To give you a clearer picture of the major cost buckets based on the latest guidance and reported operational metrics, here is a summary:
| Cost Category | Specific Metric / Projection (FY 2025 or Latest Reported) | Value / Amount |
|---|---|---|
| Selling, General, and Administrative (SG&A) | FY 2025 Projection | $125M to $135M |
| Capital Expenditures (CapEx) | FY 2025 Projection (Technology & Development) | $45M to $55M |
| Labor Costs (Company-Operated Units) | Q3 2025 as % of Sales (Impacted by AB 1228) | 33.8% |
| Food & Packaging Costs (Jack in the Box) | Q3 2025 as % of Sales | 28.6% |
| Franchise Advertising Contribution | Percentage of Gross Sales | 5% |
Finance: draft the 13-week cash flow view by Friday, incorporating the lower end of the CapEx guidance.
Jack in the Box Inc. (JACK) - Canvas Business Model: Revenue Streams
You're looking at the core ways Jack in the Box Inc. pulls in cash, which is a mix of direct sales and the steady stream from its franchise partners. Honestly, the balance between company-owned and franchised revenue is key to understanding their financial stability.
The most direct source comes from the stores the company itself runs. For the fourth quarter of fiscal year 2025, the Sales from company-owned restaurants totaled $142,515 thousand. That's a significant chunk, but it comes with all the operational costs, which you see reflected in their restaurant-level margins.
The franchise model provides more predictable, high-margin income. Franchise royalties are set at a fixed 5% of gross sales for franchisees. This is a foundational element of the revenue structure, providing a percentage cut of the entire system's top line without the day-to-day labor and commodity risk.

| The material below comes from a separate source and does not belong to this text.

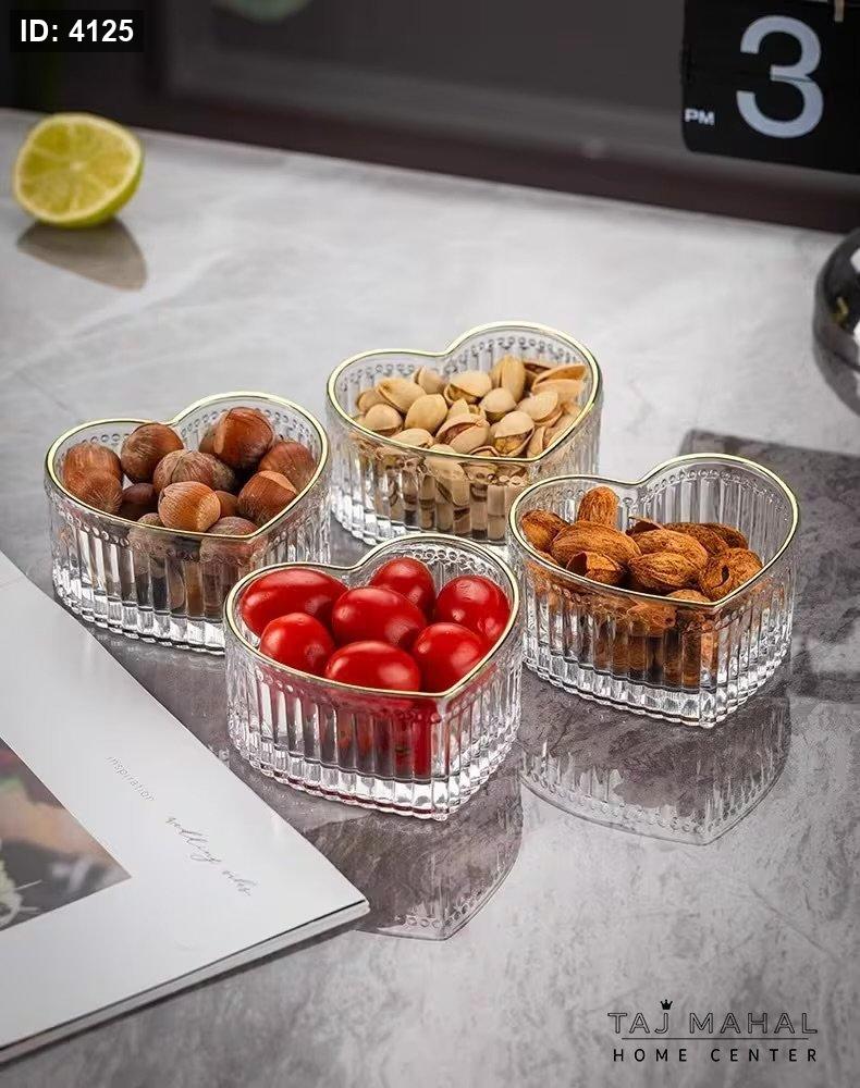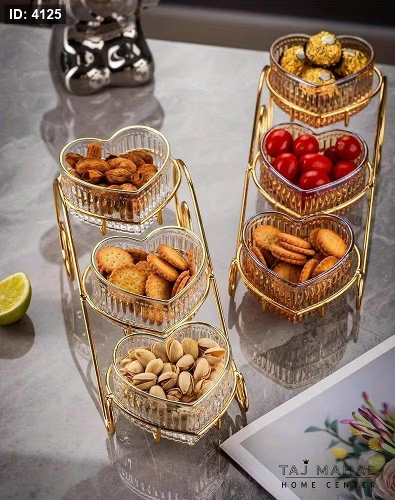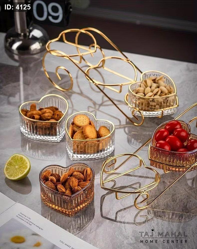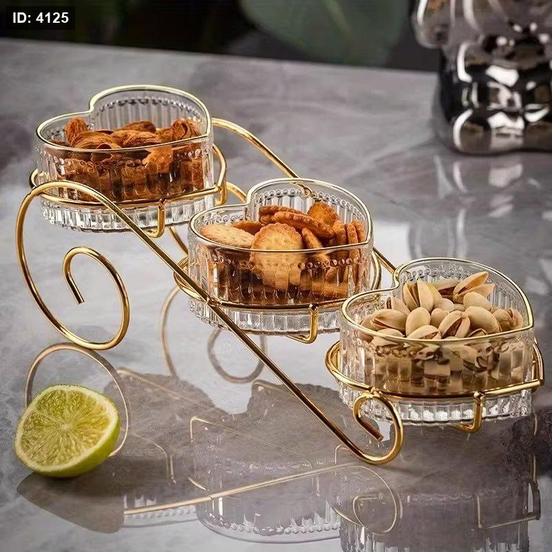 ستاند معدني مع صحون تقديم زجاجية على شكل قلب

Beyond royalties, there's revenue from Franchise fees and rent revenue from franchised properties. While the exact breakdown isn't always isolated, the overall Franchise Level Margin for the Jack brand in Q4 2025 was $62.6 million. This margin includes rent revenue, and the company also recognized revenue from early termination fees connected to the JACK on Track closure program, such as lapping $2.6 million of non-recurring lease termination revenue from franchisees in the prior year period.
Technology adoption is directly impacting how revenue is generated. The Digital sales mix for the Jack brand showed strong progress, reaching 18.5% of sales in the third quarter of 2025. This growth is supported by over 2,000 restaurants having the new point-of-sale system installed.
Looking at the full-year picture for the Jack brand, the overall health of the system sales was challenged. Systemwide sales for Fiscal Year 2025, based on the Jack brand same-store sales decline, was (4.2%). This decline was driven by lower transactions and unfavorable mix, even with menu price increases.
Here's a quick look at the key revenue-related metrics we have for the fourth quarter of 2025:
| Revenue Component | Value/Rate | Period |
|---|---|---|
| Company Restaurant Sales | $142,515 thousand | Q4 2025 (12 Weeks Ended) |
| Franchise Royalty Rate | 5% of Gross Sales | Ongoing |
| Jack Brand Digital Sales Mix | 18.5% | Q3 2025 |
| Jack Brand Same-Store Sales Decline | (4.2%) | FY 2025 |
| Jack Brand Franchise Level Margin | $62.6 million | Q4 2025 |
The revenue streams show a clear reliance on the franchised base for margin stability, even as the company pushes for digital growth. You can see the impact of the macro environment on the core company-owned sales, which is why the royalty stream is so critical for covering fixed corporate expenses.
The sources of franchise revenue include:
- Ongoing 5% royalty fee on gross sales.
- Franchise rental revenues, which are subject to sales performance.
- One-time fees like early termination fees from closures.